True - For example, it prolongs the duration for local infiltration, peripheral nerve block, and epidural anesthesia with procaine, mepivacaine, and lidocaine. - Research indicates that adding epinephrine to lidocaine solutions increases the intensity and duration of block. - The early increase in intensity is not matched with an increase in intraneural lidocaine content at these early times, although the prolonged duration of block by epinephrine appears to correspond to an enlarged lidocaine content in a nerve at later times, as if a very slowly emptying "effector compartment" received a larger share of the dose. - The increase in early analgesia without increased lidocaine content may be explained by a pharmacodynamic action of epinephrine that transiently enhances potency of lidocaine, but also by a pharmacokinetic effect that alters the distribution of the same net content of lidocaine within the nerve. - In the case of prilocaine and bupivacaine, infiltration and peripheral nerve blocks are prolonged with epinephrine, whereas no significant effect occurs with epidural anesthesia. - The rationale for this discrepancy might be that epidural fat significantly absorbs ropivacaine and bupivacaine because of their high lipid solubility. - These drugs are released slowly from the fat deposit, which could prolong the block. - This process overrides the effects of epinephrine on duration of action.
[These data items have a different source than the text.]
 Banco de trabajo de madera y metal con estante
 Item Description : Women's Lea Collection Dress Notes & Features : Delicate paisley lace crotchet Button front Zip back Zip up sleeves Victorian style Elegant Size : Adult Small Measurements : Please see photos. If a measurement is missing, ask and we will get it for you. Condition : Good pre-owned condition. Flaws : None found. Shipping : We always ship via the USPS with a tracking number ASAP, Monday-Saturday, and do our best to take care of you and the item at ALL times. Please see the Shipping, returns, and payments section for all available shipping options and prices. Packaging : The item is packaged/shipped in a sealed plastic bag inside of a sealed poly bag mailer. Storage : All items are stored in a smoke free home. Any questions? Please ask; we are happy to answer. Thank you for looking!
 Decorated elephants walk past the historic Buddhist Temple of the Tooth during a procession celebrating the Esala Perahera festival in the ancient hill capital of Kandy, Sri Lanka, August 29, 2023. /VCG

In addition, the drug concentration can contribute to the differential effect seen with epinephrine. - For example, epinephrine can prolong epidural blocks with 0.125% or 0.25% bupivacaine when used in patients in labor.50,51 Conversely, epinephrine has less effect with the epidural administration of 0.5% or 0.75% bupivacaine
True or False: Local anesthetics have antimetastatic effects
True - It has been suggested after several small retrospective studies that regional or local anesthesia may improve patient survival and the disease free interval after cancer surgery. - A number of prospective randomized controlled trials are ongoing, which may clarify this possible action. - The potential mechanisms of the antimetastatic effects include both direct and indirect effects of local anesthetics. - Direct effects include interference with tumor promoting pathways, and direct toxic effects on tumors when used for local infiltration. - Indirect effects result from a reduction of the perioperative stress response and the preservation of the immune response.
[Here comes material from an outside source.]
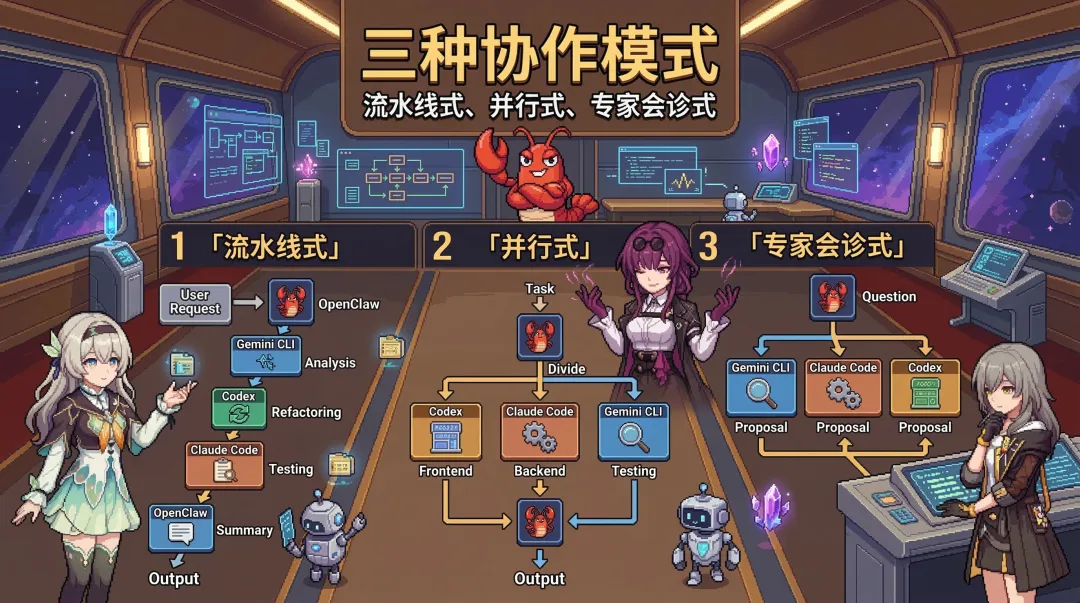 OpenClaw 在后台:拆解需求 → 调 Gemini 分析安全问题 → 调 Codex 执行重构 → 调 Claude Code 生成测试 → 调 OpenCode 生成文档 → 整合反馈。

True or False Aside from voltage ligand receptors, local anesthetics also affect G-protein couple receptors
True - Local anesthetics have additional effects on G-protein-coupled receptors affecting intracellular calcium signaling pathways. - The inflammatory modulating action of local anesthetics may result from interruptions in these pathways. - The antiinflammatory response to local anesthetics also occurs resulting from suppression of polymorphonuclear leukocyte priming, which prevents overactive inflammatory responses without impairing host defenses or suppressing normal inflammation.
True or False: In general when combining different LA, studies indicate a a faster onset can be achieved but duration of the block may be decreased
True - Most current local anesthetics possess either a fast onset but intermediate duration or a slow onset and long duration. Clinicians frequently mix local anesthetics to obtain a more rapid onset and a long duration of action. - The use of intermediate-acting mepivacaine combined with long-acting bupivacaine for an ultrasound-guided interscalene block has been reported. - Onset was not improved compared to bupivacaine alone, but duration was longer than mepivacaine alone. - The duration was shorter than bupivacaine alone. In general, studies indicate a faster onset can be achieved but duration of the block may be decreased. - Some clinicians have suggested that the use of combinations reduces the risk of toxicity; however, drug errors may increase when using more complex dosing schemes. - In addition, the toxicity of local anesthetic combinations appears to be additive. - The authors suggest that the increased use of ultrasound-guided techniques allows for the use of lower doses and more precise deposition of drug, which may diminish the use of combined local anesthetics.